The Floor of your Core: What Does Pelvic Floor Health Look Like?

Pelvic Floor Anatomy


When people think about their “core” they often focus solely on the abdominals. Functionally, the core consists of muscles that form the canister from your rib cage to your pelvis and surround the abdominal and pelvic organs. The top of the canister is the diaphragm, the front and sides are the abdominal muscles, the back is the multifidi, and the bottom is the pelvic floor. It is important for all of these muscles to work together to create support for the skeleton of the trunk as well as the viscera within.

The pelvic floor muscles form a diamond from the pubic bone to the coccyx and from one ischial tuberosity to the other. They are responsible for supporting the undercarriage of the trunk and its contents, regulating the passage of urine, feces, and gas, maintaining appropriate intraabdominal pressure, and allowing for the passage of a baby during child birth.  In order to perform all of these functions, the pelvic floor must be both strong and supple.  When the pelvic floor is not performing optimally, it can lead to back and hip pain, urinary/fecal incontinence, constipation, painful sex, and sexual dysfunction.

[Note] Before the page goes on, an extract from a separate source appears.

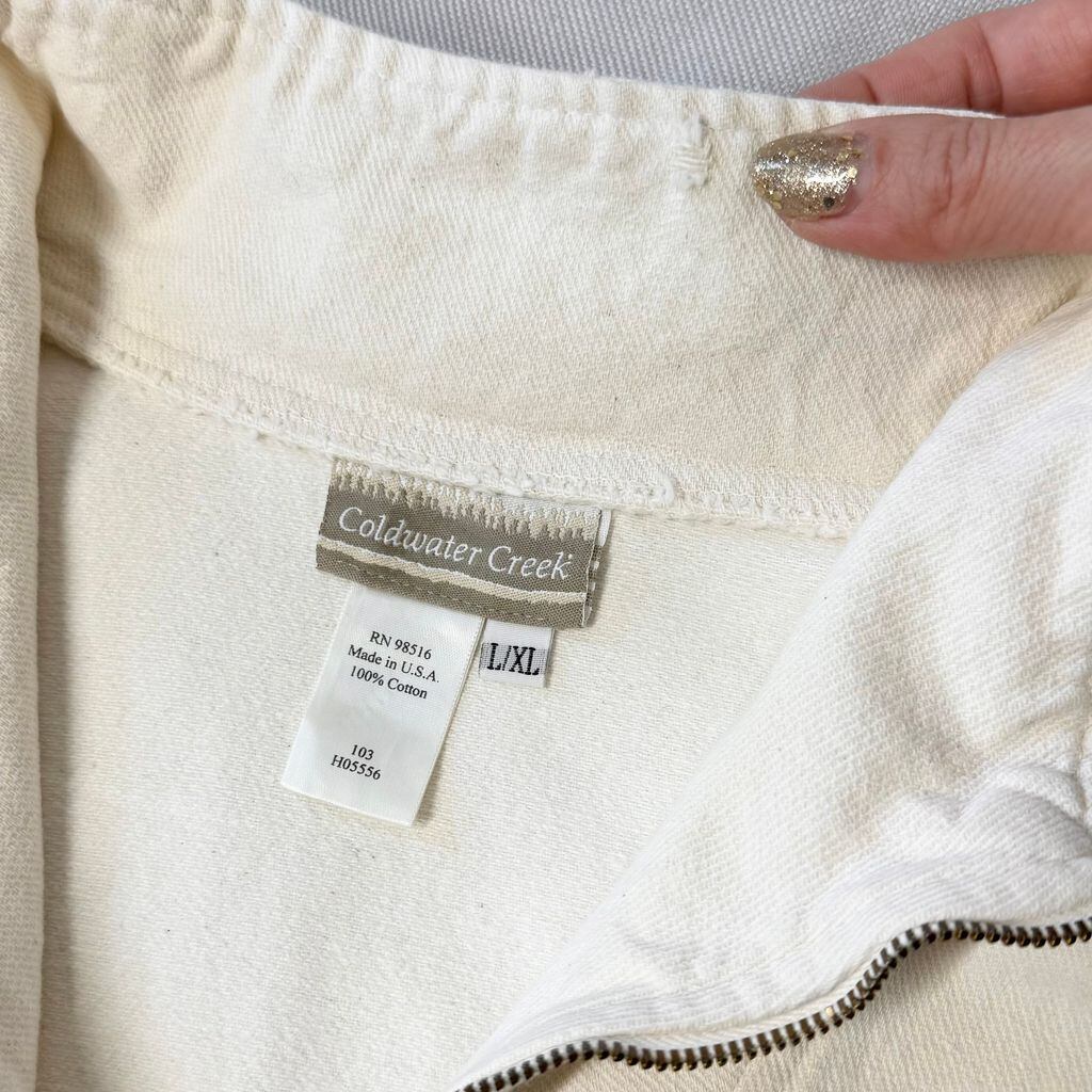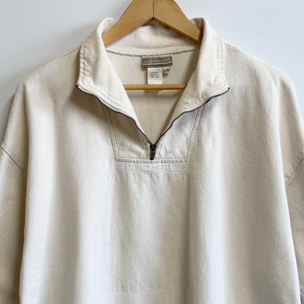 USA製 Coldwater Creek コールドウォータークリーク ハーフジッププルオーバー アイボリー キナリ L/XLサイズ No.M239

Pelvic floor health is often reduced to one word: Kegels. However, it is not always appropriate to continuously tighten the muscles of the pelvic floor. As with any other muscle group, excess tension in the pelvic floor is problematic and can lead to musculoskeletal pain, urge incontinence, constipation, and sexual dysfunction. The muscles of the pelvic floor must be able to fully relax and fully contract with control in order to function optimally. Imagine your elbow is already bent 90º and then you try to do bicep curls – likely you will get a muscle cramp and an overly tight biceps. This is similar to performing Kegels on top of already tensioned pelvic floor muscles.  In order to perform pelvic floor strengthening exercises correctly, allow for the full relaxation of the pelvic floor muscles, you should feel a gentle “dropping” of the perineal area towards the floor, and then try to lift the perineal area up towards your head. Always return to a relaxed state following the contraction. Ideally, you can control the strength  and duration of the contraction as well. If you have concerns regarding pelvic floor health or experience symptoms discussed above share your concerns with your provider, they can help you decide the best course of treatment.